« Mêler histoires remplies d’affects, Histoire coloniale et Histoire botanique est un point de départ pour des réflexions plus larges sur ce qui nous relie au vivant et aux autres aujourd’hui. Ici, ce sujet croise de nombreux savoirs complexes liés à l’histoire de Taiwan et aux nombreux héritages culturels qui s’y trouvent. »
Emma Ben-Aziza

Dans le contexte de Taïwan, ce projet de résidence a été enrichi par la diversité des espèces végétales présentes sur le territoire, par les différents usages liés qui leur sont liés et par son histoire botanique forte. J’ai pu voir le projet du Muséum des Espèces Inutiles prendre tout son sens, grâce à l’appui et la confiance du National Taiwan Museum of Fine Arts.

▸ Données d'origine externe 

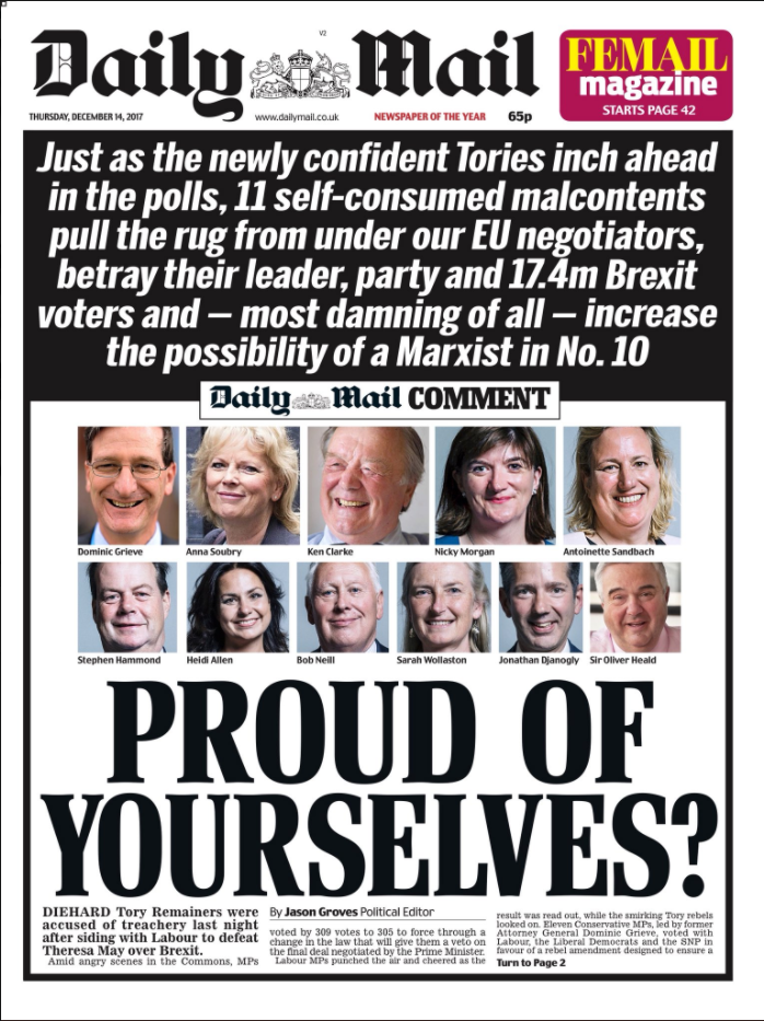 According to the newspaper, the Tory rebels, which also included Anna Soubry, and Nicky Morgan, have betrayed “their leader, party and 17.4 million Brexit voters”.

Mes recherches (mêlant histoires remplies d’affects, Histoire coloniale et Histoire botanique) sont un point de départ pour des réflexions plus larges sur ce qui nous relie au vivant et aux autres aujourd’hui. Lors de cette résidence, j’ai pu croiser de manière poreuse créations, recherches et moments de partage sous forme de workshops. Je dirai même que la méthodologie s’est établie ainsi : la création (le projet initial du Muséum) m’a amené à faire des recherches et expérimentations (sur des questions botaniques, enrichies par la rencontre avec le Professeur Wen-Te Chang, spécialisé en sciences botanique et en médecine Chinoise, qui nous a fait visiter le Lifu Museum de Taichung, m’introduisant ainsi à la médecine traditionnelle chinoise et collaborant avec moi sur une activité autour des balles médicinales de massage, que nous avons ensuite reproduite avec les enfants lors d’un des workshops) qui ont alimenté et initié du contenu (des activités) pour des moments de partage. Ces derniers ont eux-mêmes été vecteurs de matériaux pour de nouvelles pièces au cœur du Muséum des Espèces Inutiles (la création d’une nouvelle Boîte d’Utilité Historique, la « Boîte d’Utilité Historique n°3 » du fond du MDEI ; la création d’un personnage de fiction pour les jeunes enfants comme médium pour faire passer une autre conception du vivant ; un projet éditorial en collaboration avec le designer graphique et illustrateur associé au projet du MDEI, Jasper Ovacik).
Sur place, j’ai pu poursuivre certains axes de recherches : comment détourner davantage le rôle initial de la Boîte scolaire (https://gallica.bnf.fr/accueil/fr/html/les-boites-scolaires-supports-pedagogiques-du-jardin-colonial) et son contenu, intégrer au projet du MDEI les créations des enfants, interroger mes propres gestes, celui de la collecte, de la description.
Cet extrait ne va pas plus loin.